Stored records

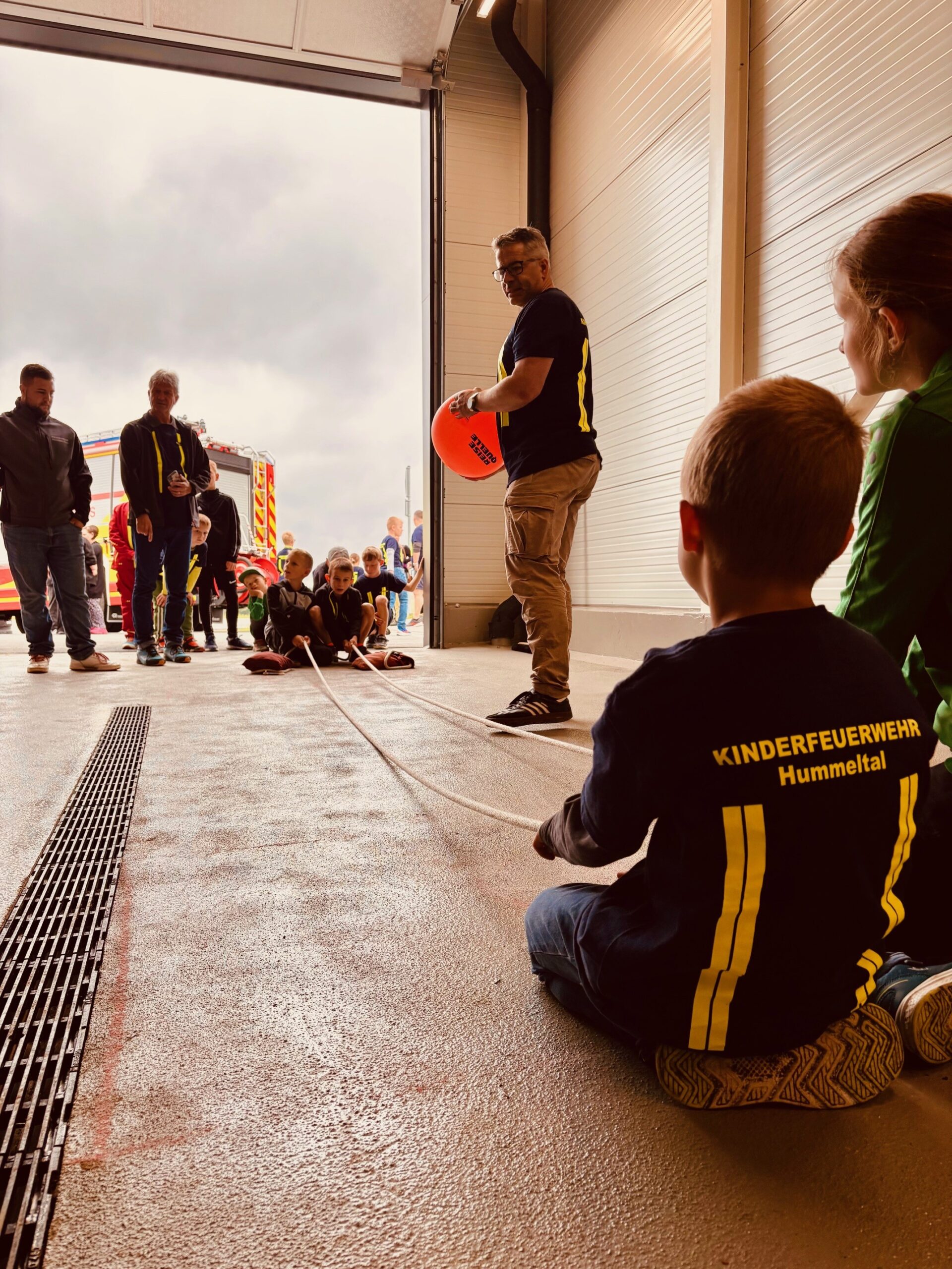 Hochmotiviert begaben sich die sechs- bis zwölfjährigen Mädchen und Jungen auf die abwechslungsreichen Stationen. Spielerisch und altersgerecht konnten sie dabei typische Aufgaben aus dem Feuerwehralltag ausprobieren: Erste Hilfe leisten, Ausrüstungsgegenstände richtig zuordnen, Knoten binden oder eine Überraschungs- und Geschicklichkeitsübung meistern. Besonders knifflig war es, einen Wasserball auf zwei von den Kindern gehaltenen Leinenbeuteln im Gleichgewicht zu halten und vom Startpunkt ins Ziel zu bringen. Teamgeist und Kommunikation waren gefragt, als die Gruppe gemeinsam auf Holzbrettern durch gleichmäßige Schritte ein festgelegtes Ziel erreichen musste. Auch bei den Testfragen bewiesen die Nachwuchsfeuerwehrler ihr theoretisches Wissen.
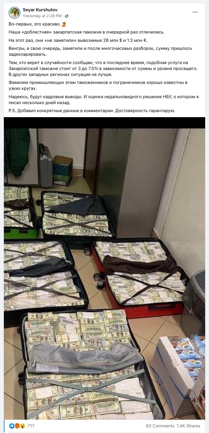 Por su parte, el diario Ukraínska Pravda confirma la información, citando a varias fuentes. Indica que, en relación con el caso, el Buró Estatal de Investigación (DBR, por sus siglas en ucraniano) recibió indicios de posibles violaciones de la ley por parte de una aduana de la provincia de Transcarpatia.
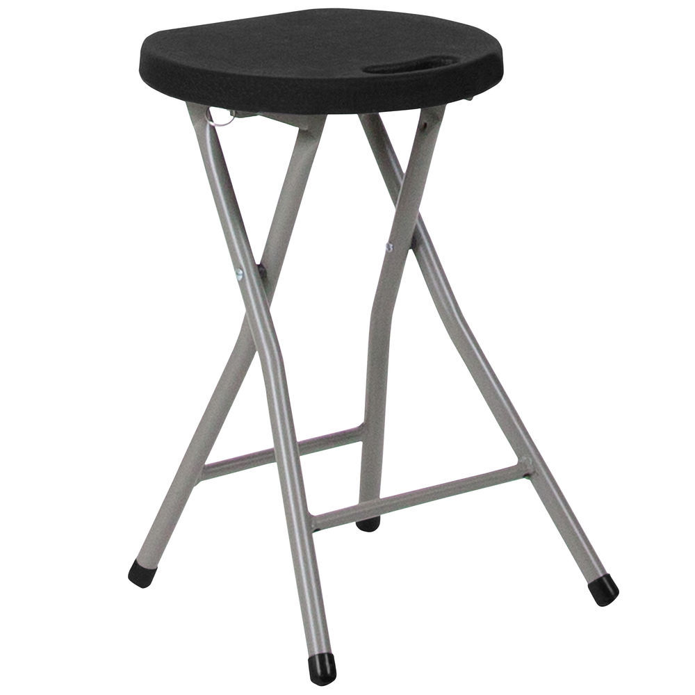 - Always have extra seating on hand without giving up a lot of room with this backless stool that folds flat for storage; Integrated handle for easy carrying
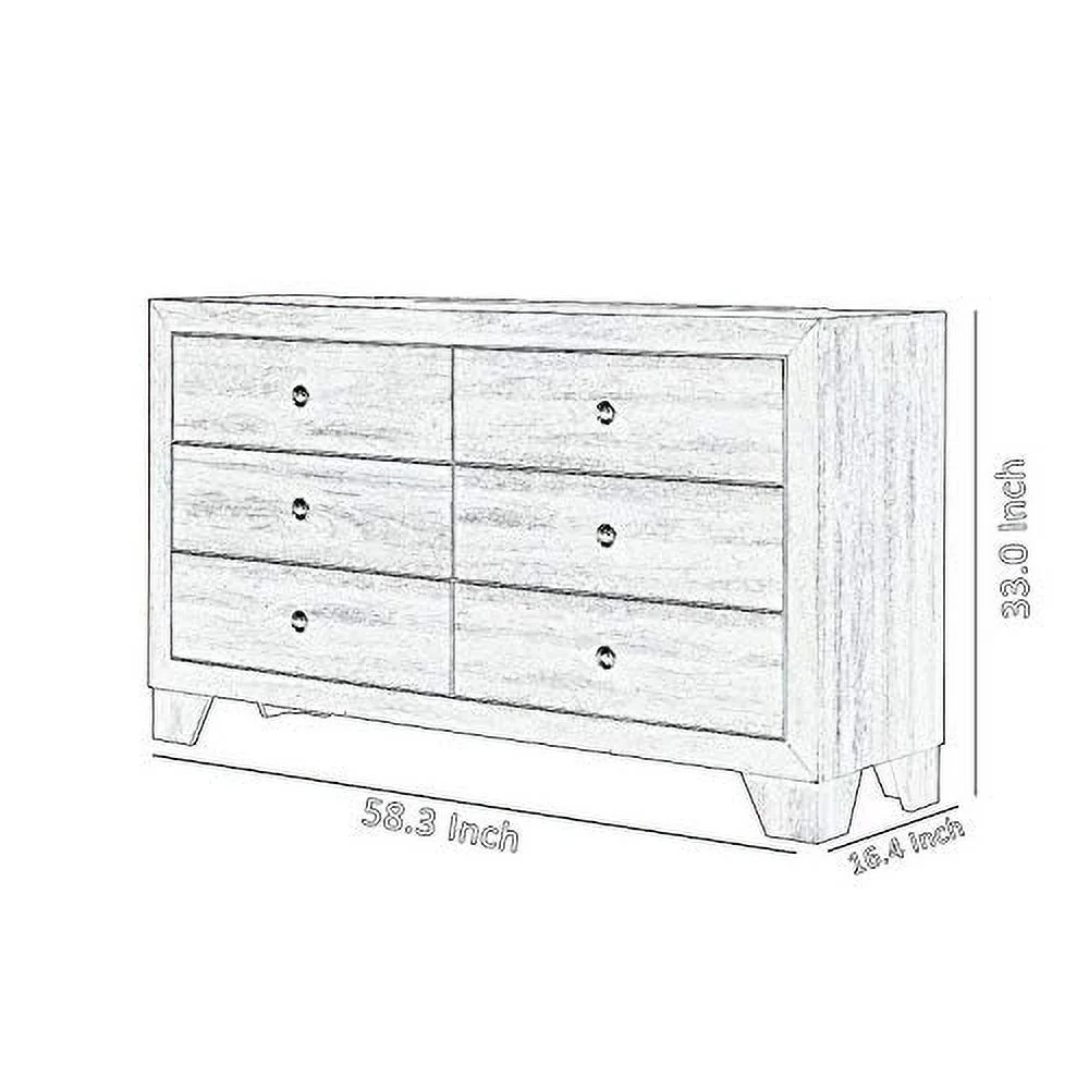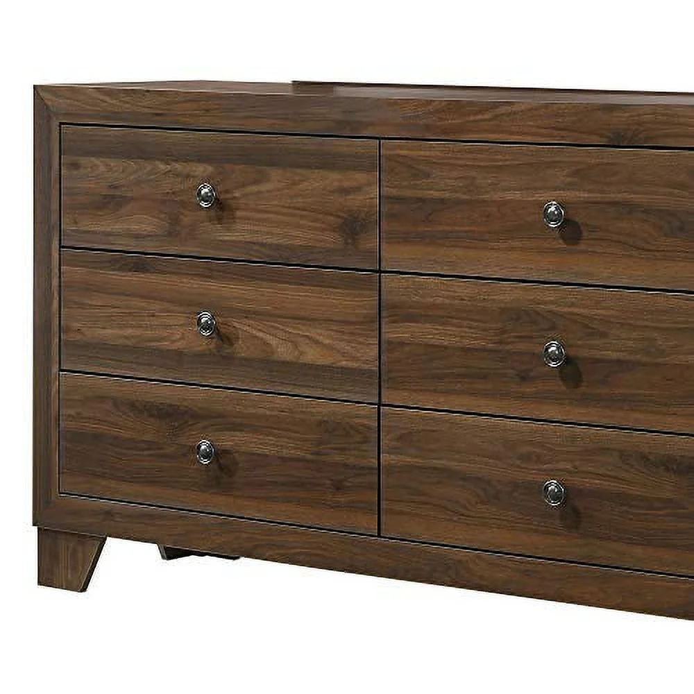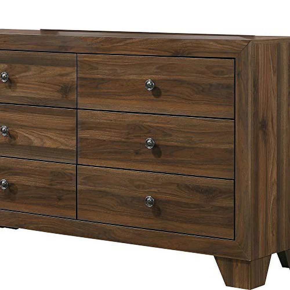 Benzara 6 Drawer Wooden Dresser with Round Knobs and Tapered Legs, Brown
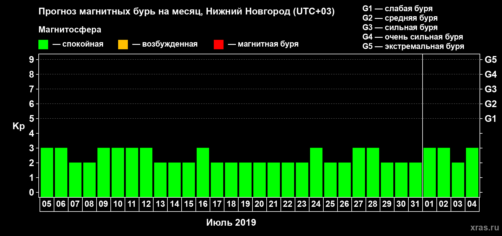 Прогноз магнитных бурь Нижнем Новгороде на 5 июля 2019 года
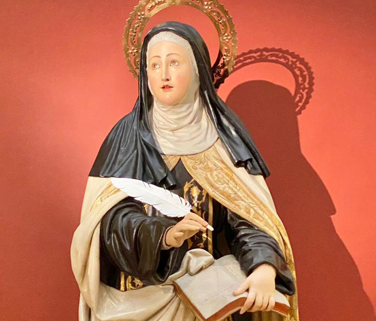 La imagen, del siglo XIX, representa a Santa Teresa de Jesús dispuesta en posición erguida, vestida con hábito carmelita y sobrepuesta una capa blanca; sujetando con su mano derecha la pluma y con la izquierda, un libro con la inscripción “Nada te turbe”. Toda ella sobre una nube plateada y peana octogonal dorada con molduras en su parte superior e inferior.
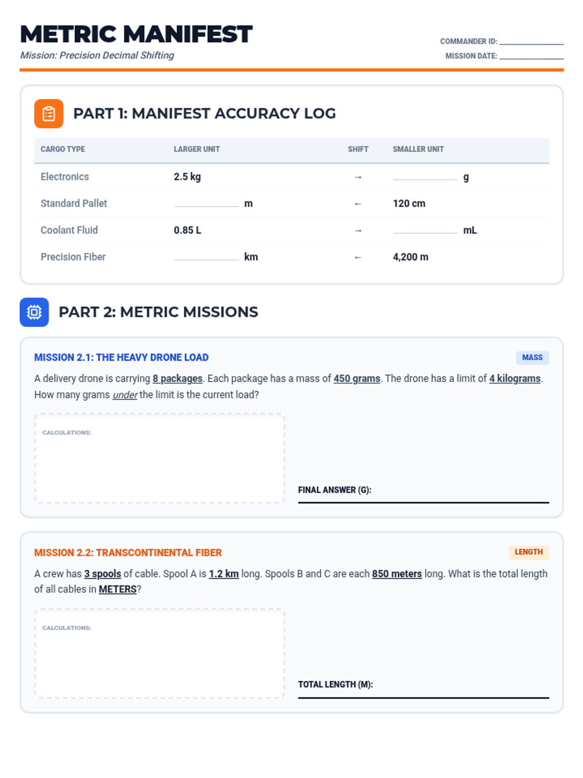 A two-page student worksheet focused on multi-step metric conversions (mass, capacity, length). Includes a manifest log for precision practice and four complex real-world logistics problems.
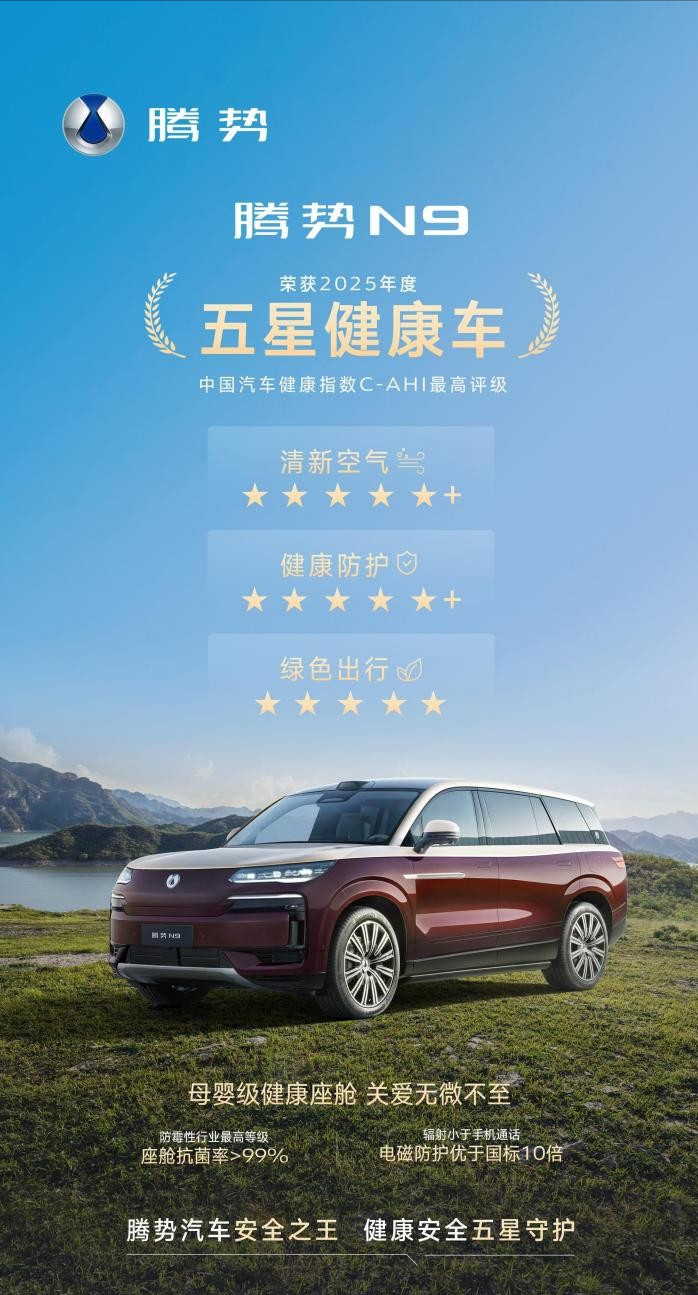 在健康出行为消费核心需求的当下,腾势N9以最高评级获得钟南山院士见证的“五星健康车”评奖,在“清新空气”、“健康防护”、“绿色出行”三大维度均展现领先实力。其中清新空气、健康防护双双斩获5星+,以母婴级健康标准将“更安全、更健康的出行”落实为可检验的行业成果,树立健康安全新标杆。
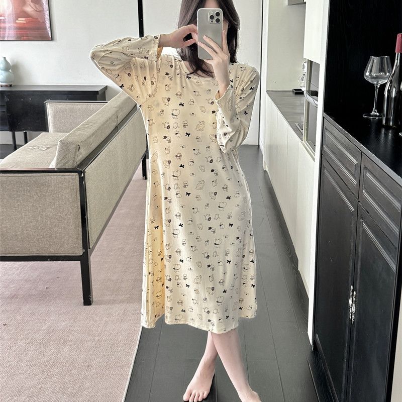 日系甜美睡裙宽松莫代尔棉睡衣女春秋长袖带胸垫超舒适外穿居家服
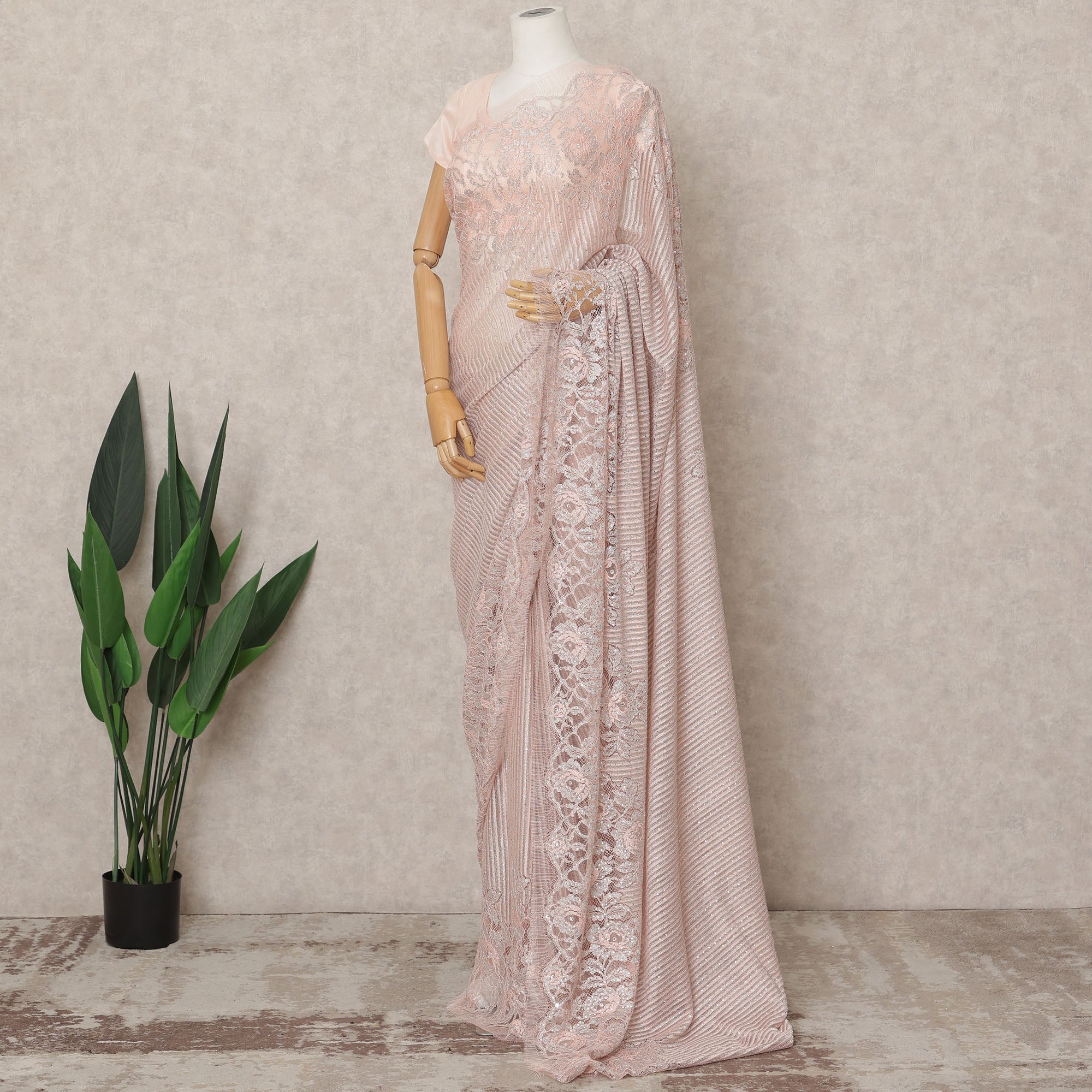 Blush Pink Premium Metallic Chantilly Lace Saree with Stone Work, 5.5 Meters Length, 110 Cms Width, Made in France-D23886
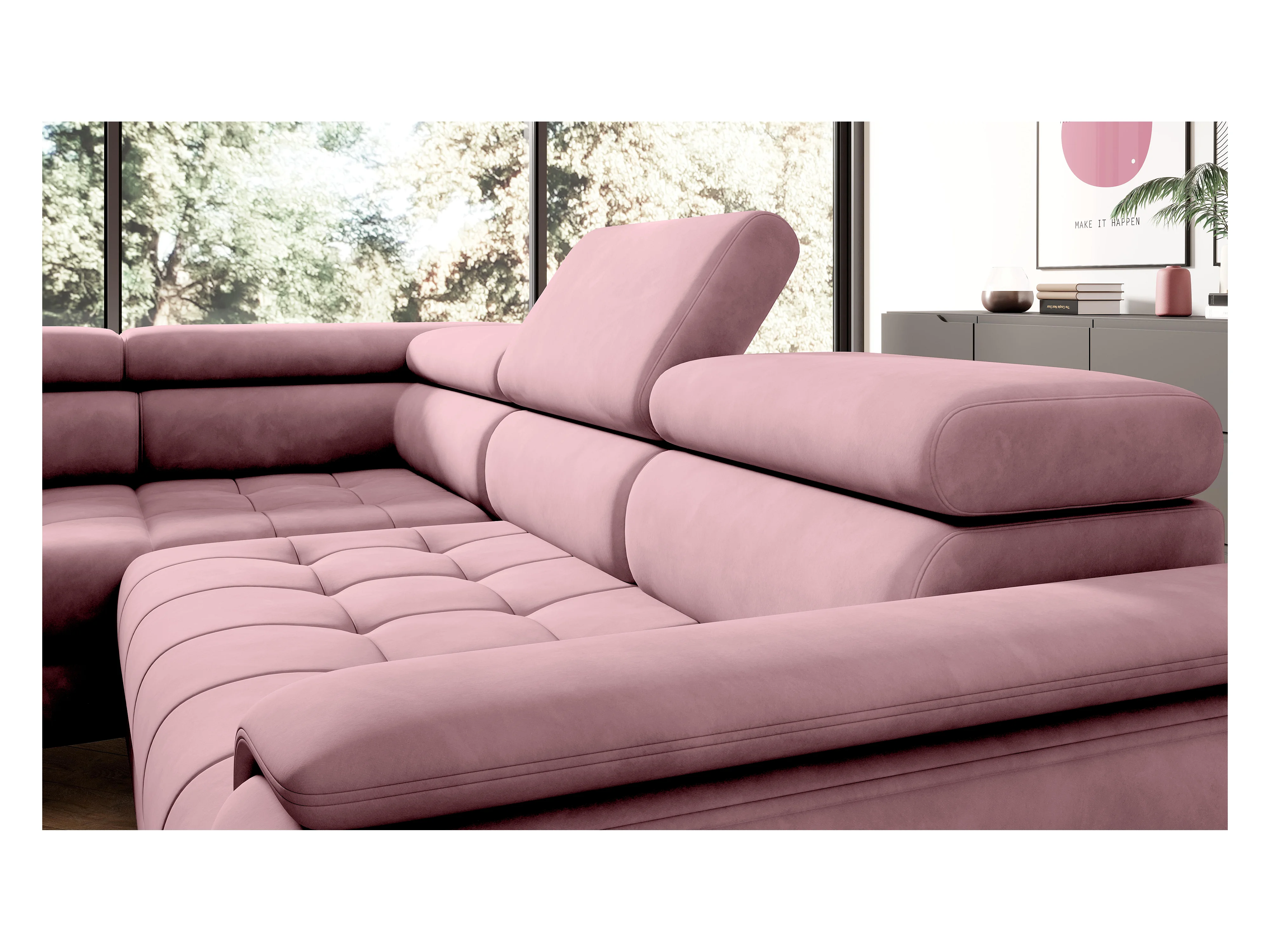 Canapé d'angle U FOCUS XL 352x204 cm, Design moderne, Têtières réglables, Velours luxueux, Option lit, Électrique, Gris clair, Gauche

### WORK REQUIRED
Above are the records. Copy only the lines from the one with "Por su parte, el" through the one with "La imagen, del", exactly, with no pictures.

### WRITTEN SOLUTION
 Por su parte, el diario Ukraínska Pravda confirma la información, citando a varias fuentes. Indica que, en relación con el caso, el Buró Estatal de Investigación (DBR, por sus siglas en ucraniano) recibió indicios de posibles violaciones de la ley por parte de una aduana de la provincia de Transcarpatia.
 - Always have extra seating on hand without giving up a lot of room with this backless stool that folds flat for storage; Integrated handle for easy carrying
 Benzara 6 Drawer Wooden Dresser with Round Knobs and Tapered Legs, Brown
 Прогноз магнитных бурь Нижнем Новгороде на 5 июля 2019 года
 La imagen, del siglo XIX, representa a Santa Teresa de Jesús dispuesta en posición erguida, vestida con hábito carmelita y sobrepuesta una capa blanca; sujetando con su mano derecha la pluma y con la izquierda, un libro con la inscripción “Nada te turbe”. Toda ella sobre una nube plateada y peana octogonal dorada con molduras en su parte superior e inferior.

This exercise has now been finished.